Now, what this code did was record all the payloads of all the packets, rather than only what they really needed. As we've discussed before, what they really needed was the beacon's SSID, the hotspot's SSID, and the MAC address tagged with the current GPS coordinates, and presumably the signal strength. Because if I were doing this, I would incorporate signal strength in so that, as the car was moving, you'd get a sense for - you could actually do very good triangulation over time to get a sense for the physical location of this node whose SSID and MAC address you've acquired by looking at the signal strength as the car drives around.

So I think the problem is that hard drives are huge. I mean, and lord knows Google must have some sort of serious quantity discount they get on buying hard drives, with indexing and caching the Internet and Gmail that apparently has endless storage and so forth. I mean, Google's probably got more storage than anything else on the planet. So hard drives don't cost much. They probably weren't worried about saving hard drive space. So they were probably recording packets and maybe tagging it with this extra metadata, SSID, MAC address, well, actually that would be part of the packet, and like the GPS information, and maybe just who knows, I haven't looked in detail at their Street View technology; but, sure, they could be doing all of this processing in the vehicle as it drives around. Or they could just massively...

That's my, yes, that's my guess is that they had a relatively brain-dead massive capture operation where they were just sucking this stuff in, tagging the packets with the GPS metadata. And then offline, or off the street, rather, like back at headquarters, then they would reprocess the data and do all the computations necessary to geolocate the specific MAC address and SSID node. I mean, that makes sense. So they didn't have to do it that way, but that was probably the path of least resistance, which makes sense they would do. So I guess my overarching feeling is, hey, the best thing about this is it serves as a wakeup call about unencrypted WiFi.

And in other news, and I can't remember whether I mentioned this, whether we had a Q&A, I think we actually do, somebody mentioning a recent judgment by the German government about unencrypted WiFi. But to me this helps raise awareness of the relative exposure that people have, not having their wireless networks encrypted. I mean, we've talked about it all the time.

http://www.grc.com/sn/sn-249.htm

Well, given this is repeat news in a new location...it would seem really odd if this turned out to be true (of Google) . I mean, how often does something need to happen before you learn? Seems more likely this is purely suspicion and/or someone looking to make a name for themselves.

Haven't we heard this all before?

I thought they were just collecting totally menial data such as the name of the wi fi network?

closetgeek said,
Haven't we heard this all before?

I thought they were just collecting totally menial data such as the name of the wi fi network?


They also collected data sent across unprotected networks, which could contain personal information. However, if people are stupid enough to send their data in public like that (anyone can pick up unprotected WiFi packets...), they should be responsible themselves if someone stores that data.

zackiv31 said,
Is it actually confirmed that they used the data?
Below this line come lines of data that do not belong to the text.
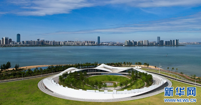 2023年8月8日,鸟瞰位于海口市海口湾的“天空之山”驿站(无人机照片)。新华社记者 杨冠宇 摄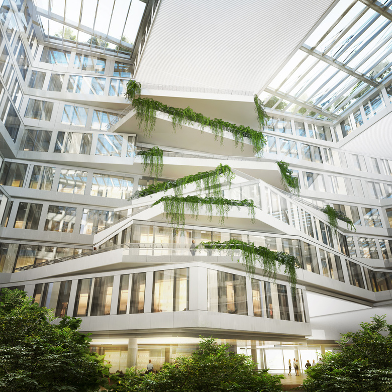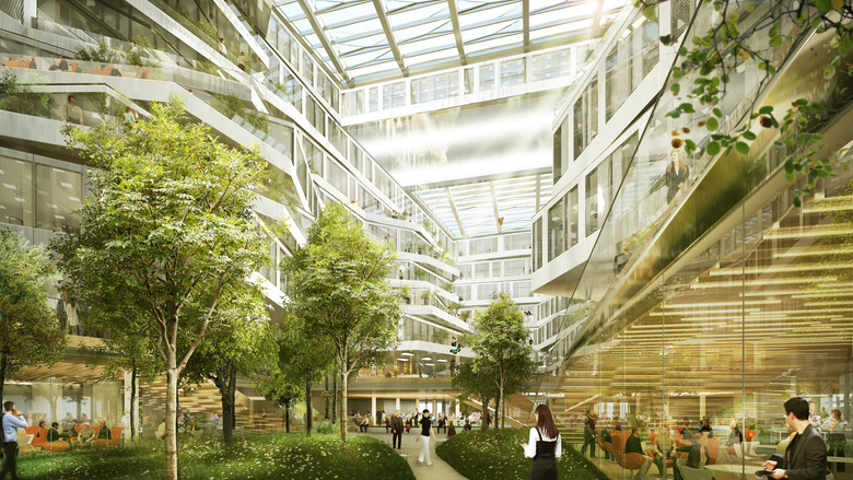 Inside the building, a landscaped atrium bathed in natural light immerses the visitor in an “indoors city” composed of suspended volumes, circulation lanes and working areas extended by plant-covered balconies. The use of materials chosen for their raw appearance (wood, metal, stone, concrete…) integrates natural simplicity into the working space and contributes to the creation of a peaceful and relaxed atmosphere for the 5.000 collaborators and visitors of the company.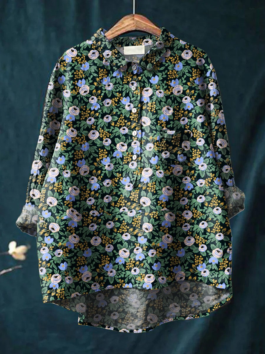 Women's Floral Art Print Casual Cotton And Linen Shirt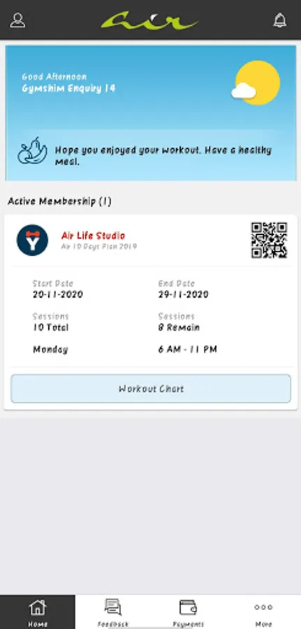 The app is a great way to schedule group activities and personal training sessions. Now don't miss your favorite group classes and stay updated. Airlife Member app also helps you keep a track of your daily attendance. The app makes this activity smooth as silk. You can easily track your record, even the irregular ones and know in advance the expiry date of any member and send renewal messages accordingly.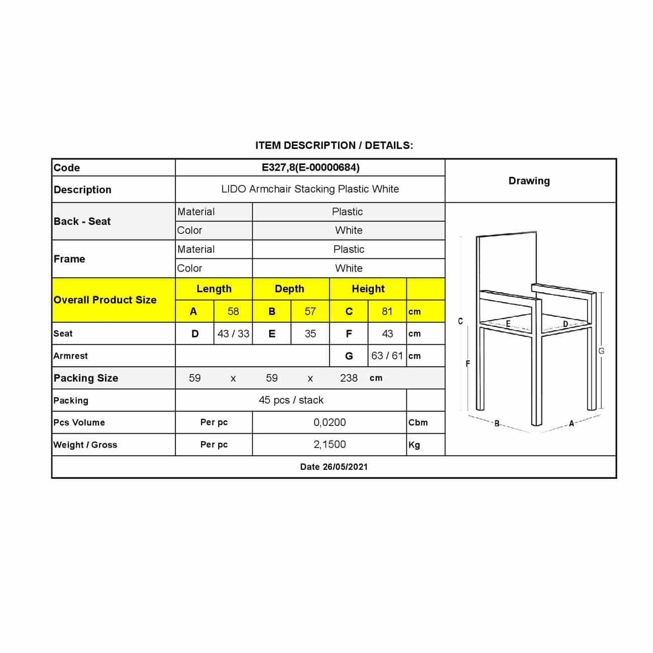 Ε327,8 – LIDO Πολυθρόνα PP Άσπρo, Στοιβαζόμενη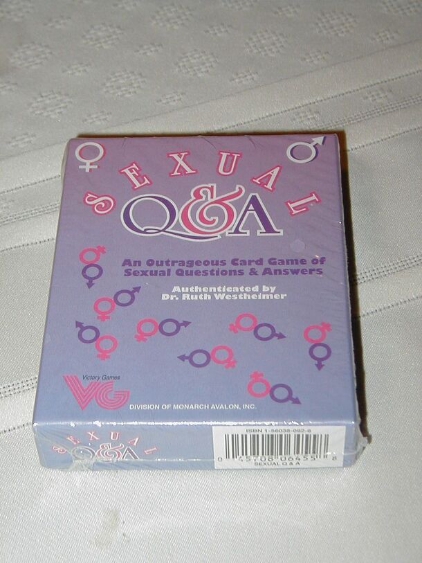 Published by Avalon Hill's Victory Games. Here's the information from the box: Front: Sexual Q&A - An Outrageous Card game of Sexual Questions and Answers. Authenticated by Dr. Ruth Westheimer. Back: This is a provocative sex-oriented card game for 2 or more players of consenting age. The object is to correctly answer situations provided in a true or false...
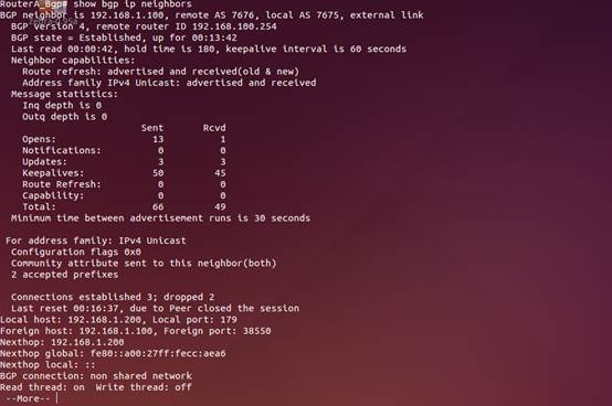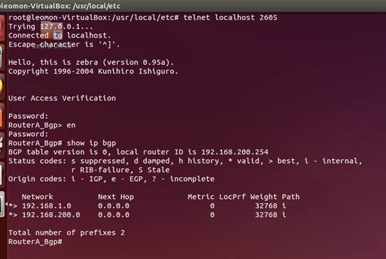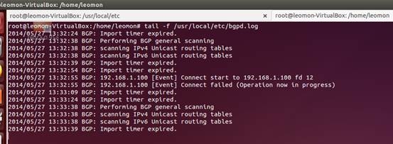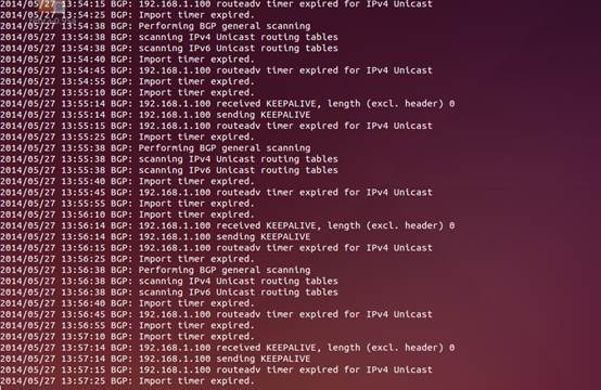 如果上面的步骤都是正确无误,且保证 zebra 和 bgpd 这两个 daemon 都在两个路由器上正常运行的话,就可以进行下面的一些测试了。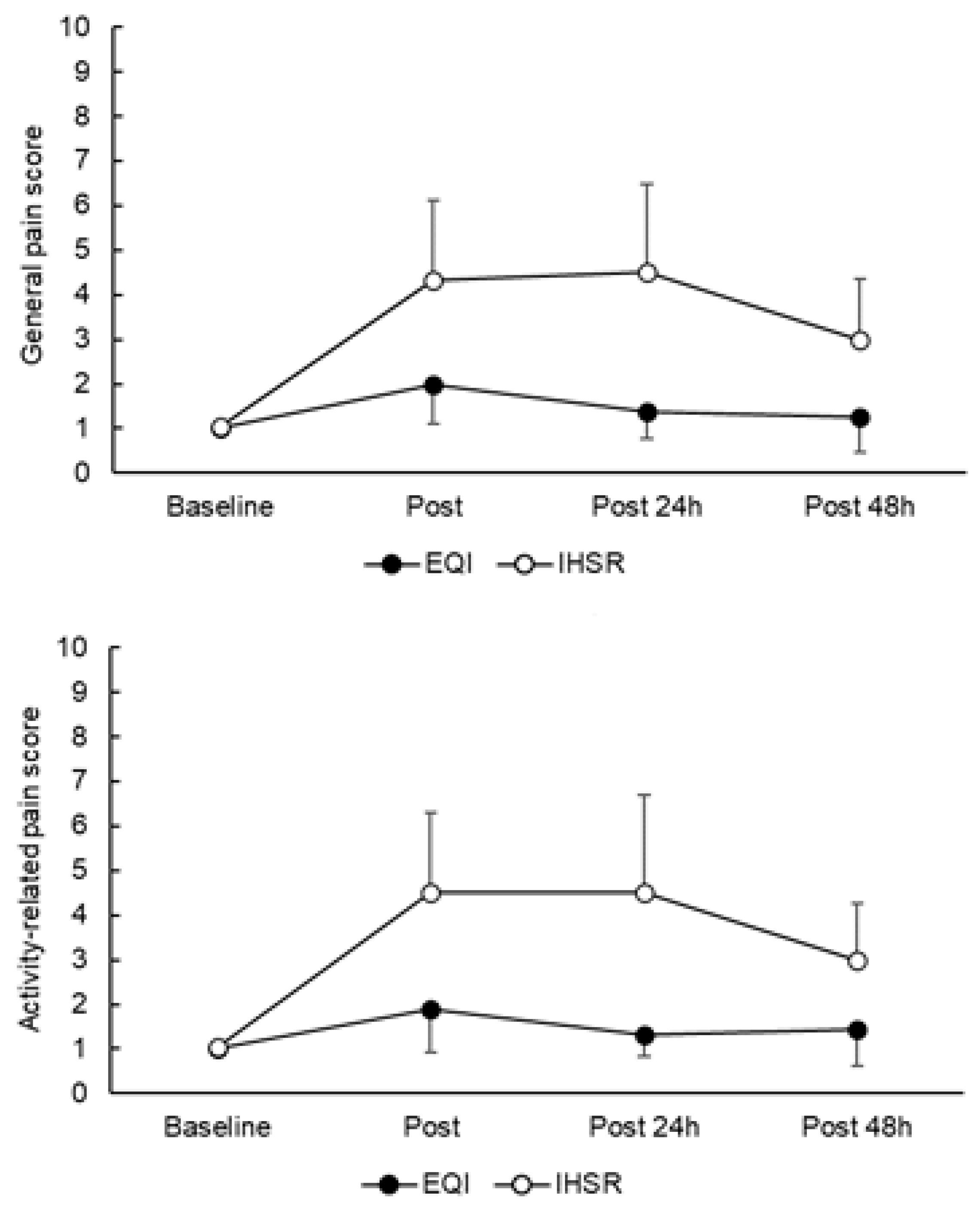 The IHSR protocol resulted in higher pain (considered as a marker of delayed onset muscle soreness [DOMS] at post24 and post48) compared to the EQI protocol at all time points (immediately post-protocol, 24 h post-protocol, and 48 h post-protocol). While the EQI group experienced the highest level of pain immediately post-protocol (2.00-points on a 10-point scale), the subjects in the other group experienced the highest level of DOMS 24 h after the protocol (4.50-points on a 10-point scale). The higher DOMS after the IHSR protocol could be due to the different characteristics between the two contractions, which are as follows: (1) performing eccentric contraction at much higher angular velocities results in higher DOMS levels [

I thought they stored it in the EU but claimed to never use it.

The fact that they might possess personal data seems like illegal to me since no one gave such permission.

Nicholas P. said,
The fact that they might possess personal data seems like illegal to me since no one gave such permission.

When will people learn that nobody cares what "seems" to you... they only care what's written in law.

This is a repeat of what happened in Germany and the EU with some loud mouthed politician looking for press spouting off about things they have no understanding of... I doubt this will turn out any differently.